Quienes tuvieron el mérito de revelar el carácter de las disidencias kirchneristas han sido las organizaciones que se reunieron en San Martín el sábado pasado, para denunciar “el ajuste” que sobrevendría como resultado del acuerdo. No les dio, sin embargo, para señalar el monumental despojo ya perpetrado en estos dos años contra salarios y jubilaciones, preparando el terreno de las exigencias del FMI. Entre los presentes, se encontraban dirigentes de ATE Capital, del sabatellismo y del sindicato del subte. La consigna central del encuentro fue “No hay 2023”. Los dirigentes presentes abordaron la crisis como consultores electorales, y no como representantes de organizaciones obreras. En 2018, el kirchnerismo sindical acuñó el slogan “hay 2019”. Era la señal de que no se debía terminar con el macrismo por medio de la huelga y la acción directa. Ahora, la advertencia de la derrota electoral anticipada es una forma de declarar al ajuste como hecho consumado, y no luchar contra él. Los sindicalistas K actúan como el presidente del bloque del FdT: le pide a sus diputados “criticar” y “denunciar”, sin sacar los pies del plato. En los "pronunciamientos" críticos de los K “antiacuerdistas”, no existe ningún llamado a la deliberación, a la lucha, a la organización de congresos o plenarios de delegados, siquiera en sus propias organizaciones. Los dirigentes críticos tampoco han salido al cruce de las paritarias docentes o estatales, que comienzan a delinearse en los términos del FMI.

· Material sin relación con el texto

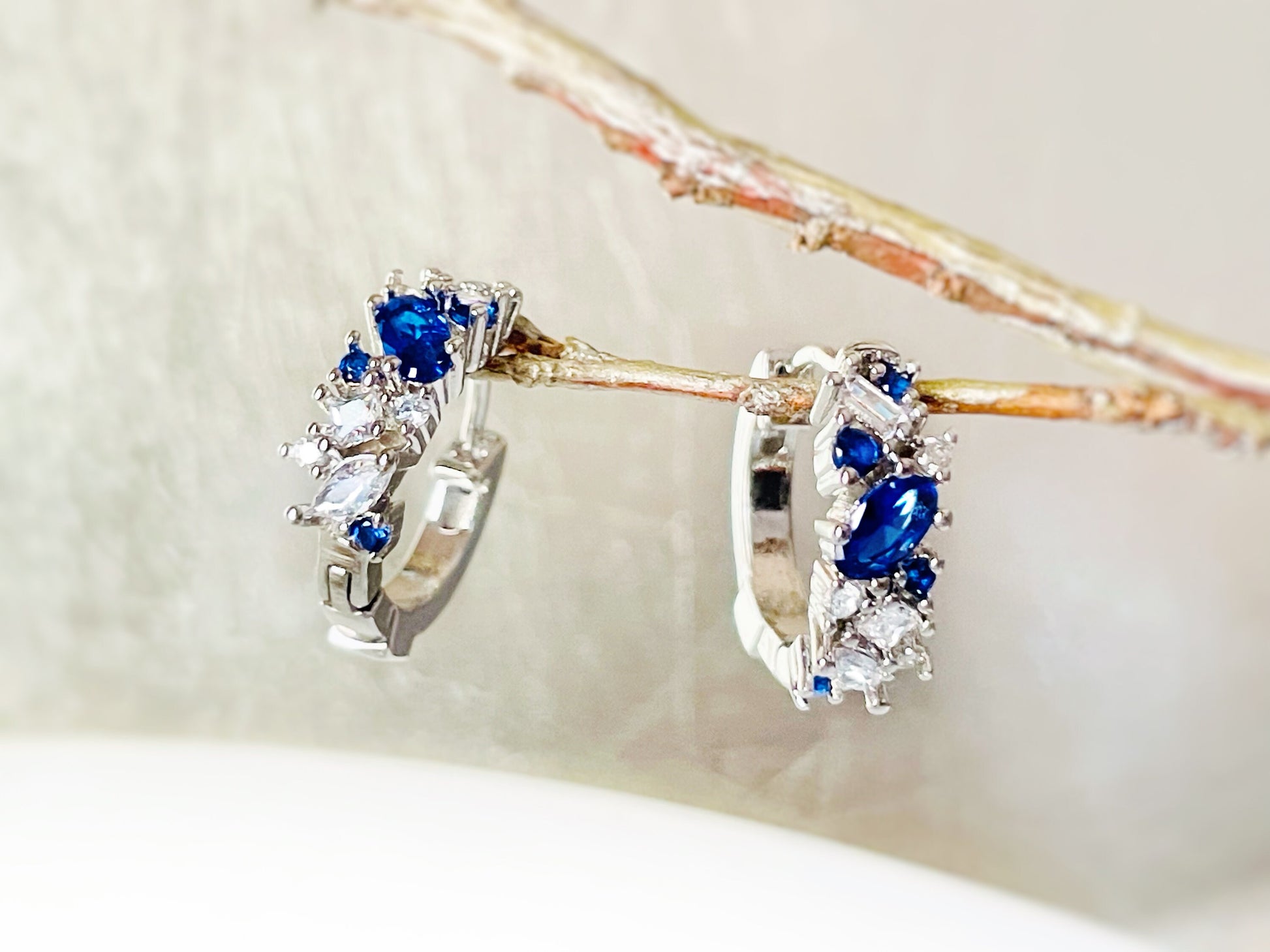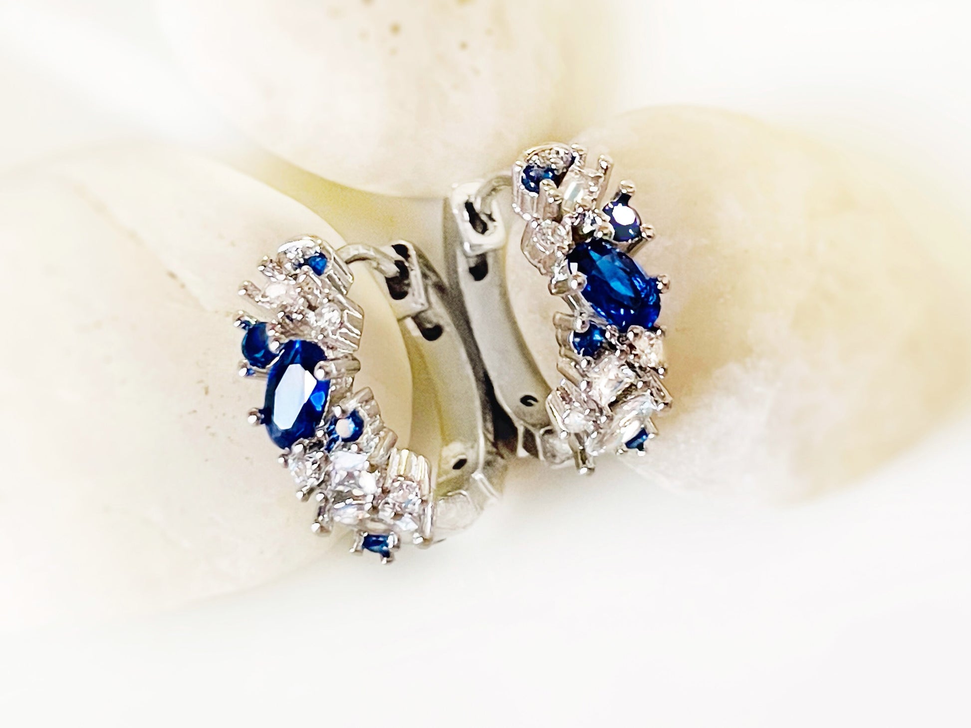 Blue and white sapphire hoop earrings with various cut of created stones casted in 18K white gold plated over brass. These classic hoops are perfect for any occasion. Lead and nickel free.
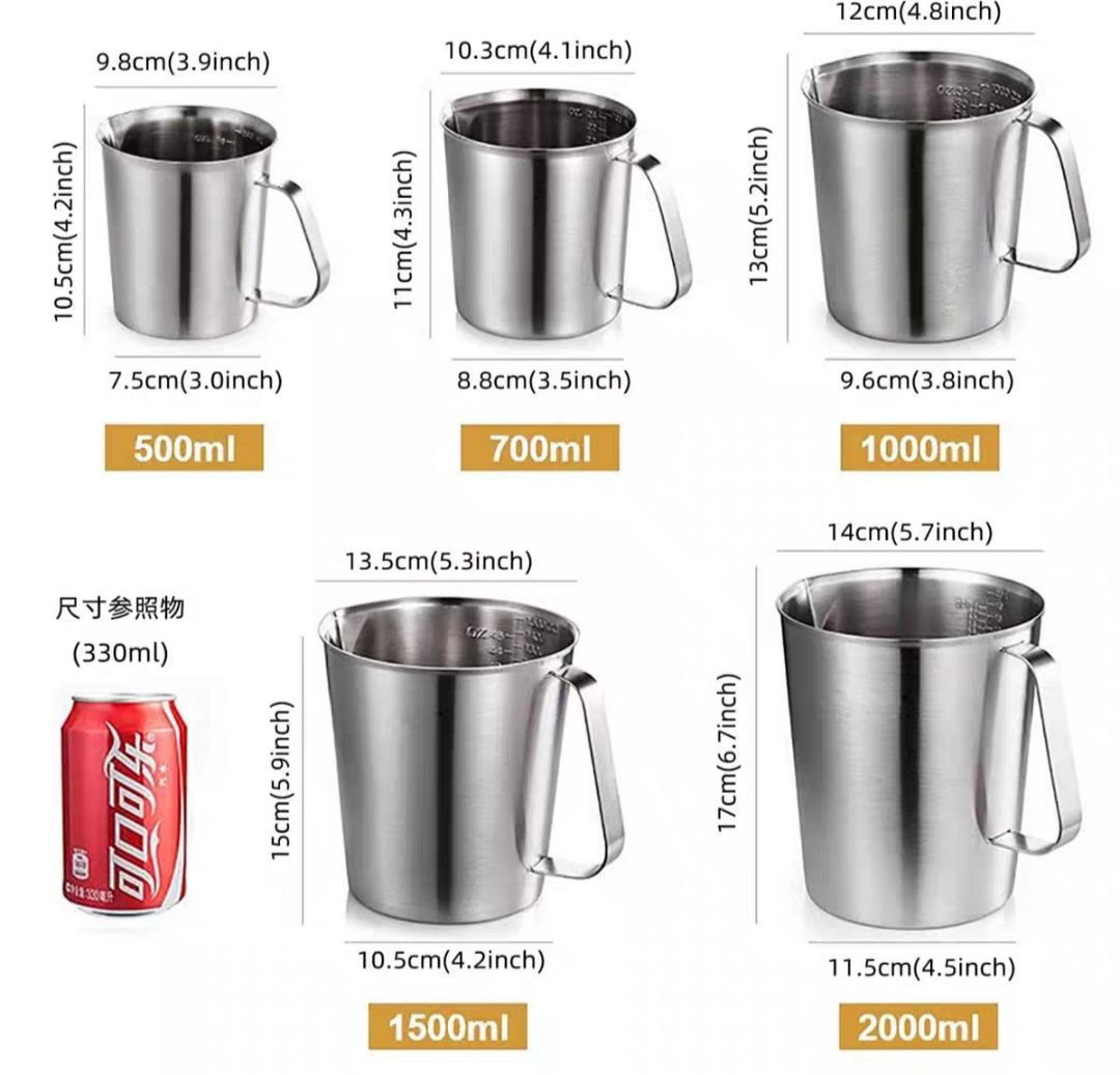 Ca Inox Định Lượng 304, Ca Đong Inox Có Vạch Chia Dung Tích 500ml/700ml/1L/1.5L/2L
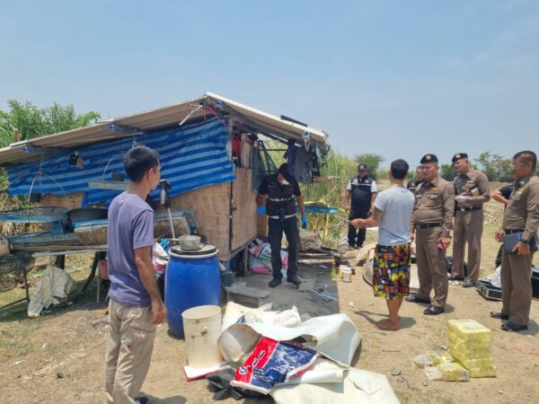 รวบน้องเขยผู้ใหญ่บ้านพร้อมยาบ้าและไอซ์ รวมกว่า 1 ล้านเม็ดมูลค่ากว่า 30 ล้านที่มีการนำมาพักไว้ที่ในกระท่อมกลางบ่อกุ้ง
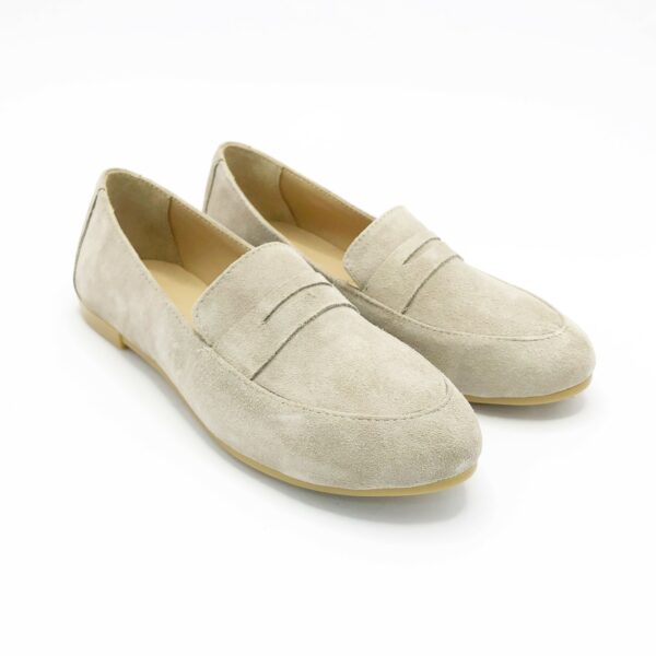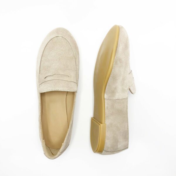 Классические мокасины из натуральной замши бежевого цвета на тонкой подошве. Изготавливаются только из натуральных материалов. Полномерные соответствуют стандартной сетке размера. Возможен отшив в коже и замши разных цветов – учитываем любые пожелания заказчика
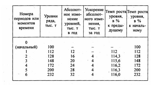 Показатель ускорения абсолютного изменения уровней выражается в единицах измерения уровня, деленных на квадрат длины периода. В нашем случае ускорение составило 4 тыс. т в год за год или 4 тыс. т год-2. Смысл показателя следующий: объем производства (или добычи угля, руды) имел абсолютный прирост, возрастающий на 4 тыс. т в год ежегодно.
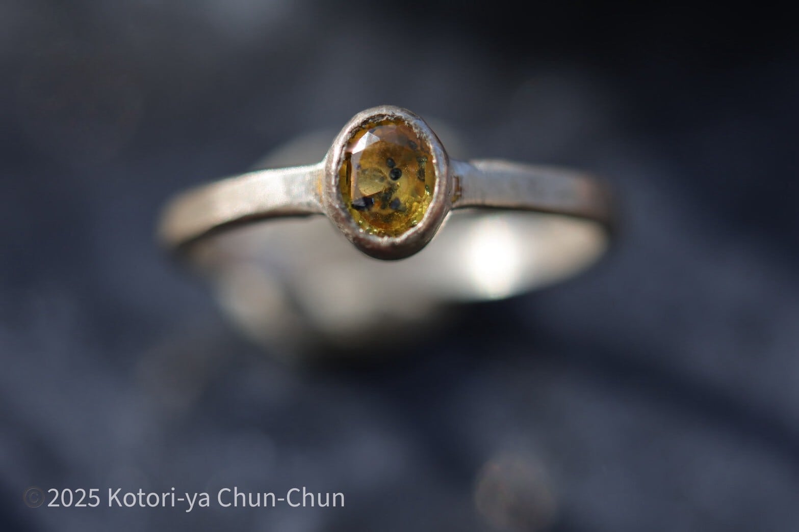 【かなり珍しい青と黄色のバイカラー】タイ産 バイカラーサファイア・シルバーリング【イエロウテントウ】

Pero los abanderados del “apoyo crítico” al gobierno quieren resolver una cuadratura del círculo. La andanada tarifaria y devaluatoria es un pasaporte a la conmoción social y a la rebelión popular. Curándose en salud, los trumpistas argentinos han salido a agitar la prohibición de los piquetes. El proyecto que presentaron en la Legislatura porteña es una copia del que prohijó, hace dos años atrás, un concejal colombiano, con “protestódromo” incluido. Tiempo después, una huelga general transformó a toda Colombia en un piquete. Argentina marcha en ese rumbo, que es el que debemos abonar con la agitación y la organización: para luchar contra el acuerdo fondomonetarista, necesitamos un congreso de trabajadores, de delegados, activistas y luchadores, que prepare la huelga política de masas contra la confiscación a los trabajadores y contra sus gobiernos.